Return the data below unchanged. Drop any pictures.
*** Information shown Section Begins ***
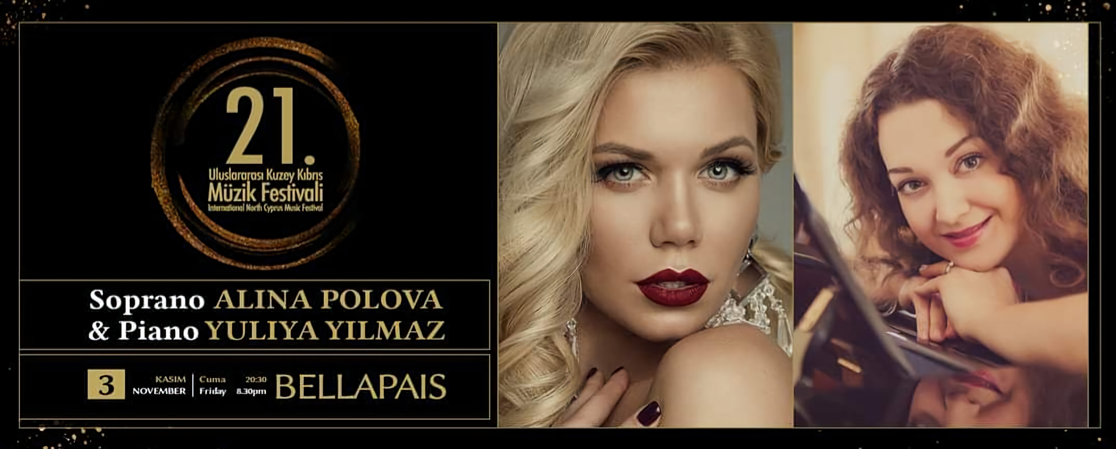 Lefkoşa, 2 Kasım 23 (TAK): Kuzey Kıbrıs Müzik Derneği' nin organizasyonunda bu yıl 21’incisi gerçekleştirilen Uluslararası Kuzey Kıbrıs Müzik Festivali soprano Alina Polova ve piyanist Yuliya Yılmaz konseri ile devam ediyor.
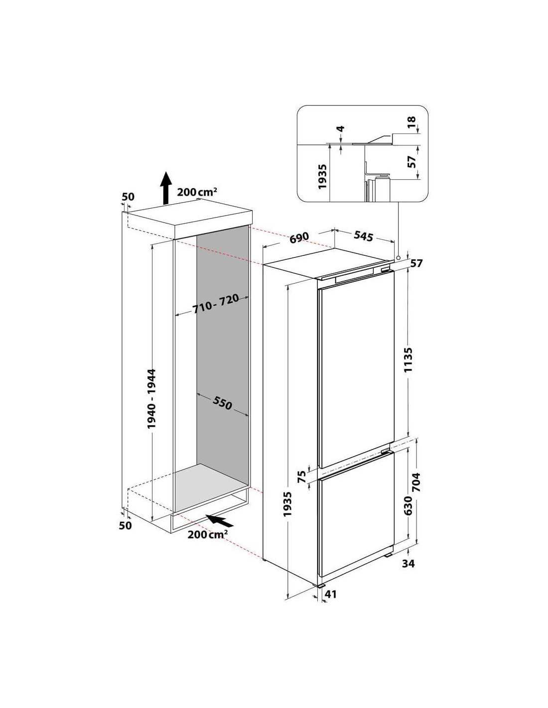 - Altura mínima del hueco: 710
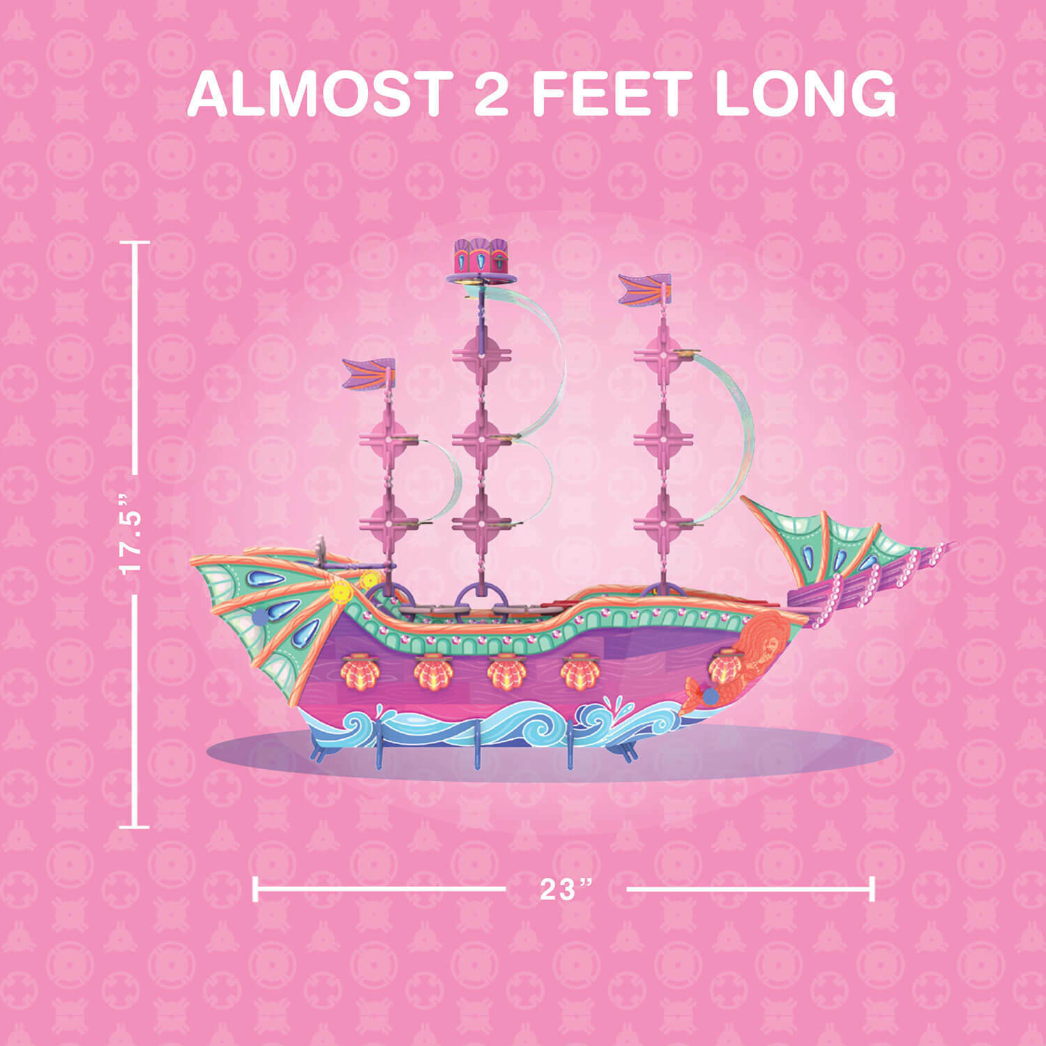 The Marvelous Mermaid Ship Set is assembled using colorful plastic building links and vibrant glossy paperboard panels. These pieces are secured by slotting them together, making for easy assembly and storage. Product designed in California.
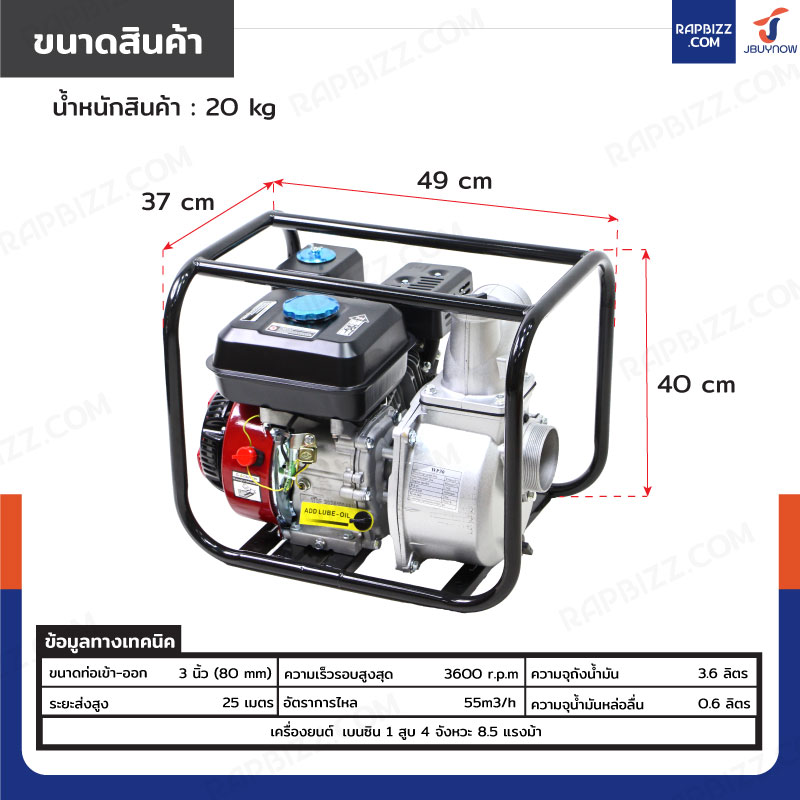 เครื่องสูบน้ำ 3 นิ้ว 8.5แรงม้า ปั๊มใหม่ แรงดันสูง 4 จังหวะ สตาร์ทง่าย ปั๊มชนเครื่อง เบนซิน
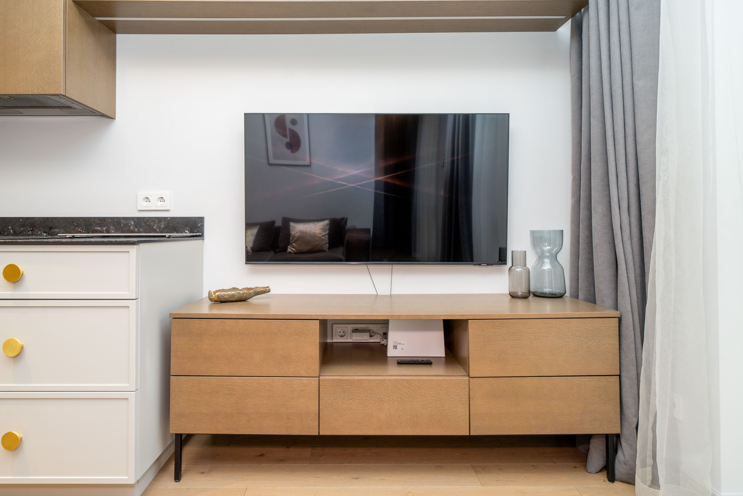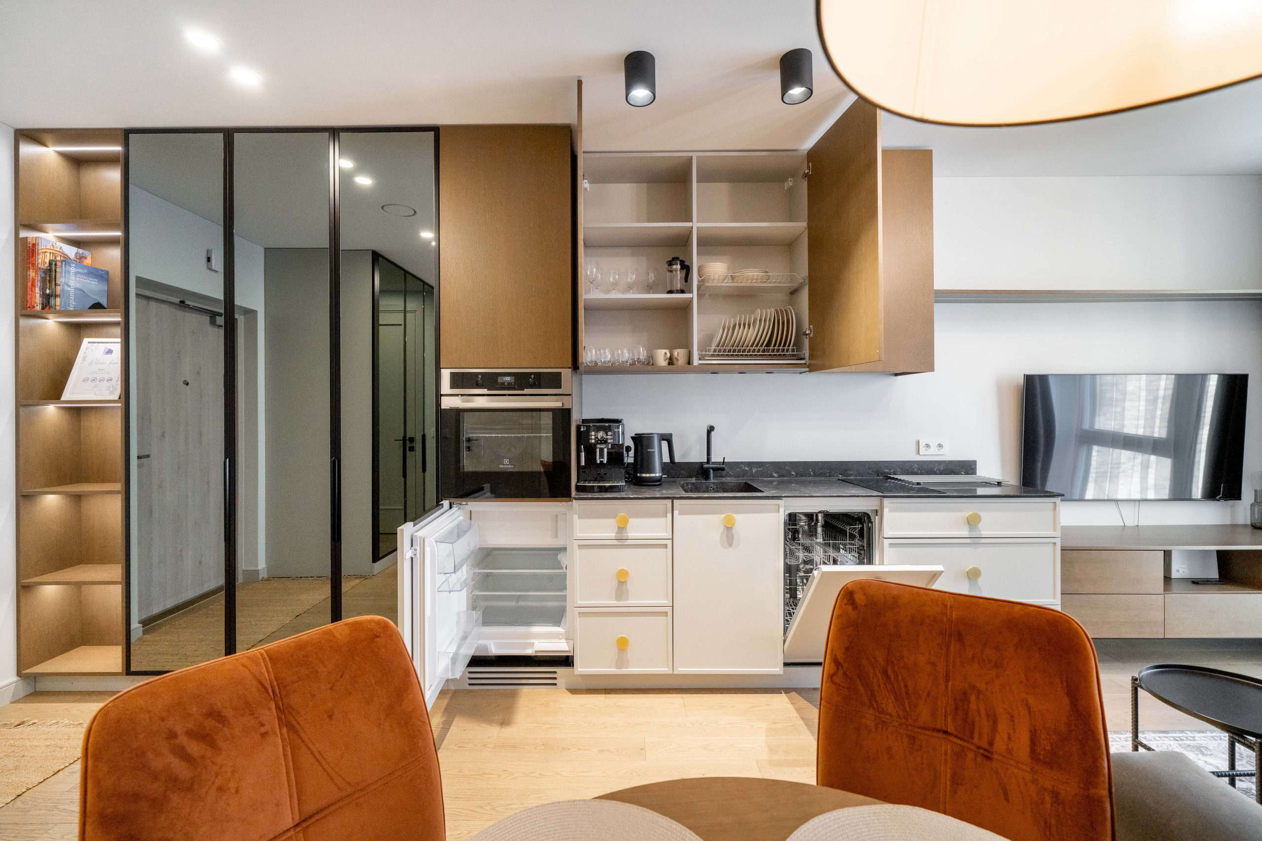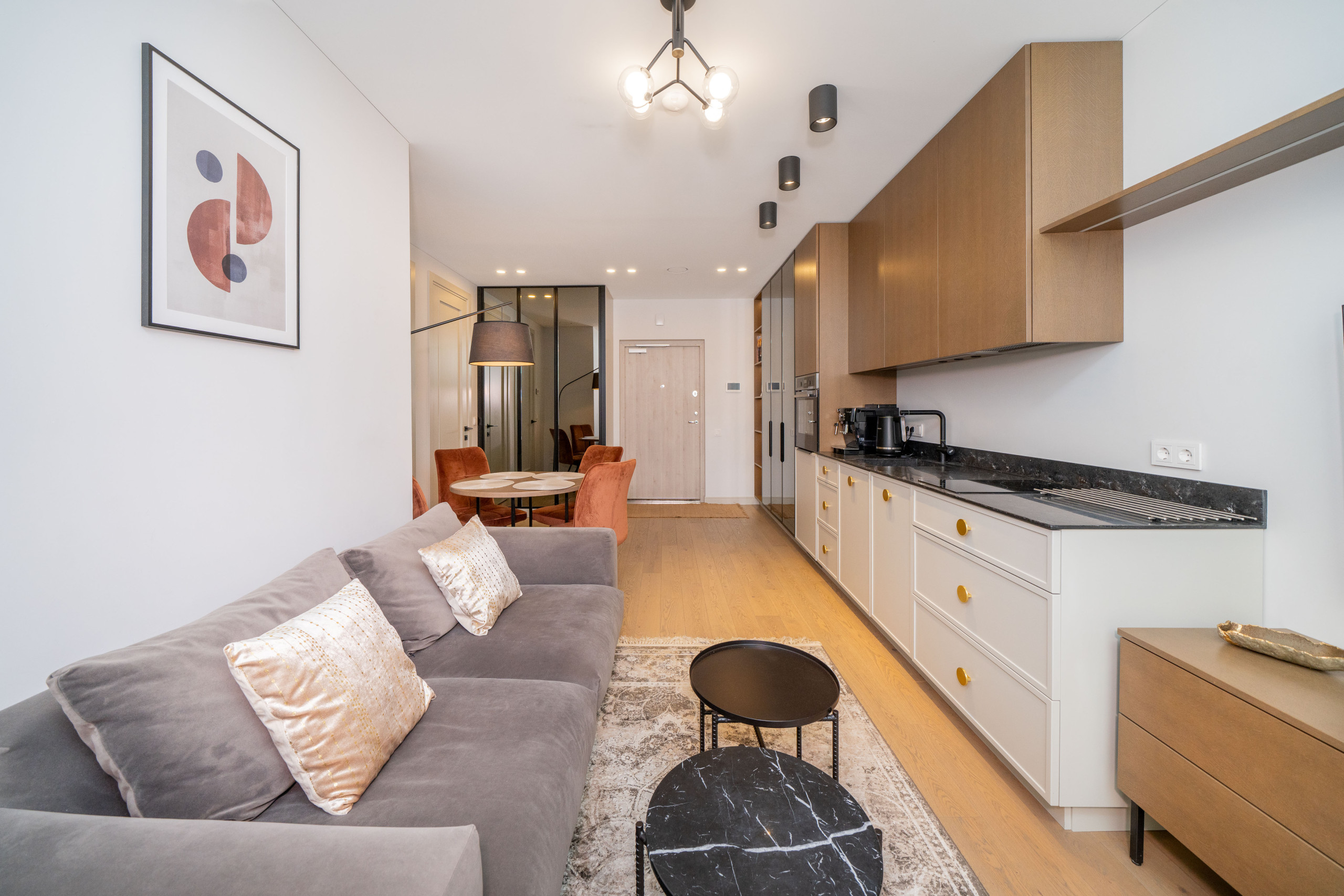O apartamento em Vilnius tem 1 quarto(s) e capacidade para 2 pessoa(s). Alojamento de 36 m². Dispõe de elevador, máquina de lavar roupa, máquina de secar roupa, ferro de engomar, acesso internet (wifi), secador de cabelo, aquecimento central, Televisão. A cozinha, de inducção, está equipada com frigorífico, forno, congelador, máquina de lavar louça, louça/talheres, utensílios/cozinha, máquina de café e jarro eléctrico.
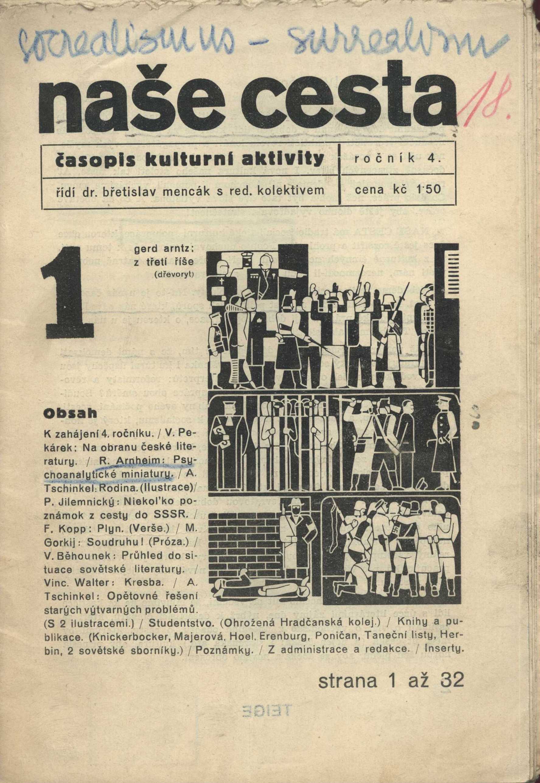 Title information Naše cesta : časopis kulturní aktivity Další autoři Mencák, Břetislav, 1903-1981 (Editor) Roč., číslo ročník 4, číslo 1-5, [1934/1935] Publication Hradec Králové : Sdružení kulturní spolupráce, 1934-1935 Manufacture (J. Oma) Scope il. 160 s. Country Czech Republic Language Czech Note Čb. ilustrace a fotografie.
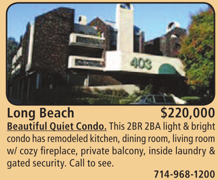 Long Beach $220,000 Beautiful Quiet Condo. This 2BR 2BA light & bright
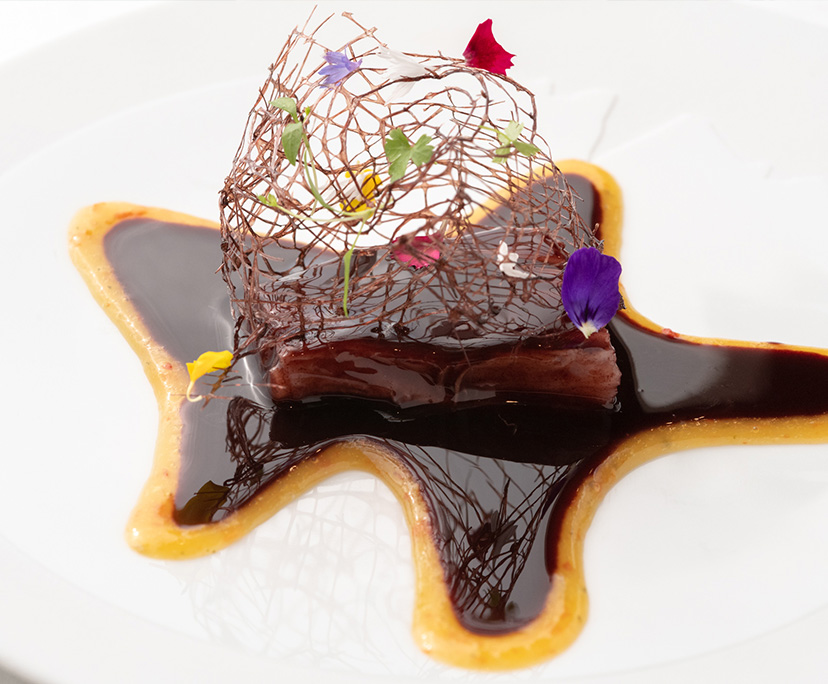 甘酸っぱいカリンをムースリーヌとキャラメルに仕立ててアクセントにし、ベトラーブの甘みを引き立てるL’Arpège ラルページュ
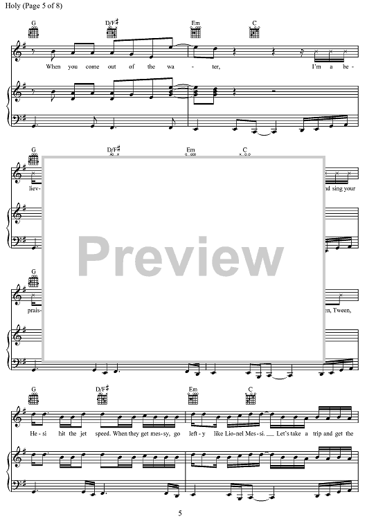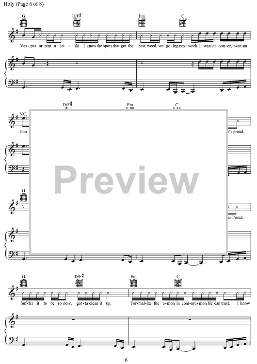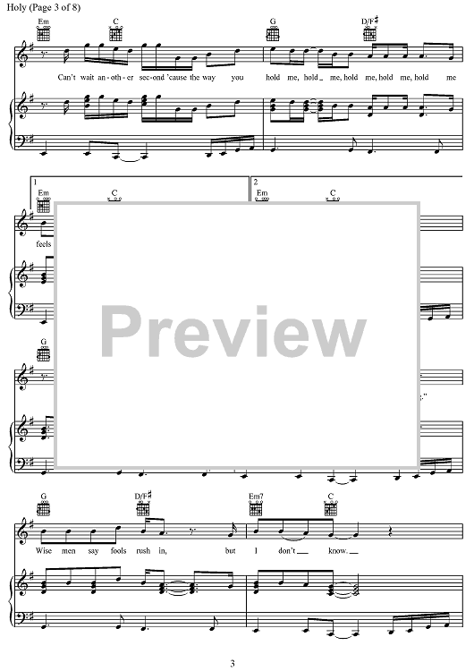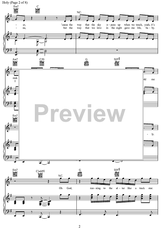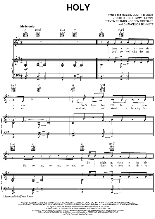 Digital Sheet Music for Holy by Justin Bieber, Tommy Brown, Jon Bellion, Chancellor Bennett, Jorgen Odegard, Steven Franks scored for Piano/Vocal/Chords; id:468540
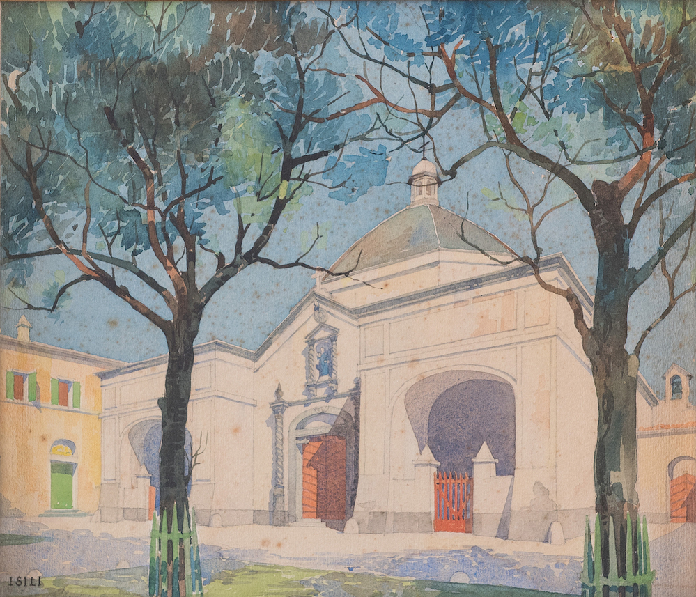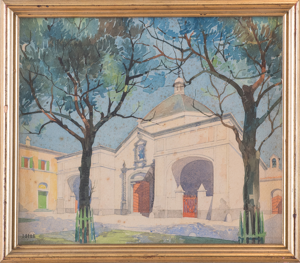 Pittore anonimo del XX secolo “Architettura”. Acquerello su carta. Cm 28x32,5. Opera firmata in basso a sinistra Isili.
*** Information shown Section Ends ***
- Your solution -
 Lefkoşa, 2 Kasım 23 (TAK): Kuzey Kıbrıs Müzik Derneği' nin organizasyonunda bu yıl 21’incisi gerçekleştirilen Uluslararası Kuzey Kıbrıs Müzik Festivali soprano Alina Polova ve piyanist Yuliya Yılmaz konseri ile devam ediyor.
 - Altura mínima del hueco: 710
 The Marvelous Mermaid Ship Set is assembled using colorful plastic building links and vibrant glossy paperboard panels. These pieces are secured by slotting them together, making for easy assembly and storage. Product designed in California.
 เครื่องสูบน้ำ 3 นิ้ว 8.5แรงม้า ปั๊มใหม่ แรงดันสูง 4 จังหวะ สตาร์ทง่าย ปั๊มชนเครื่อง เบนซิน
O apartamento em Vilnius tem 1 quarto(s) e capacidade para 2 pessoa(s). Alojamento de 36 m². Dispõe de elevador, máquina de lavar roupa, máquina de secar roupa, ferro de engomar, acesso internet (wifi), secador de cabelo, aquecimento central, Televisão. A cozinha, de inducção, está equipada com frigorífico, forno, congelador, máquina de lavar louça, louça/talheres, utensílios/cozinha, máquina de café e jarro eléctrico.
 Title information Naše cesta : časopis kulturní aktivity Další autoři Mencák, Břetislav, 1903-1981 (Editor) Roč., číslo ročník 4, číslo 1-5, [1934/1935] Publication Hradec Králové : Sdružení kulturní spolupráce, 1934-1935 Manufacture (J. Oma) Scope il. 160 s. Country Czech Republic Language Czech Note Čb. ilustrace a fotografie.
 Long Beach $220,000 Beautiful Quiet Condo. This 2BR 2BA light & bright
 甘酸っぱいカリンをムースリーヌとキャラメルに仕立ててアクセントにし、ベトラーブの甘みを引き立てるL’Arpège ラルページュ
 Digital Sheet Music for Holy by Justin Bieber, Tommy Brown, Jon Bellion, Chancellor Bennett, Jorgen Odegard, Steven Franks scored for Piano/Vocal/Chords; id:468540
 Pittore anonimo del XX secolo “Architettura”. Acquerello su carta. Cm 28x32,5. Opera firmata in basso a sinistra Isili.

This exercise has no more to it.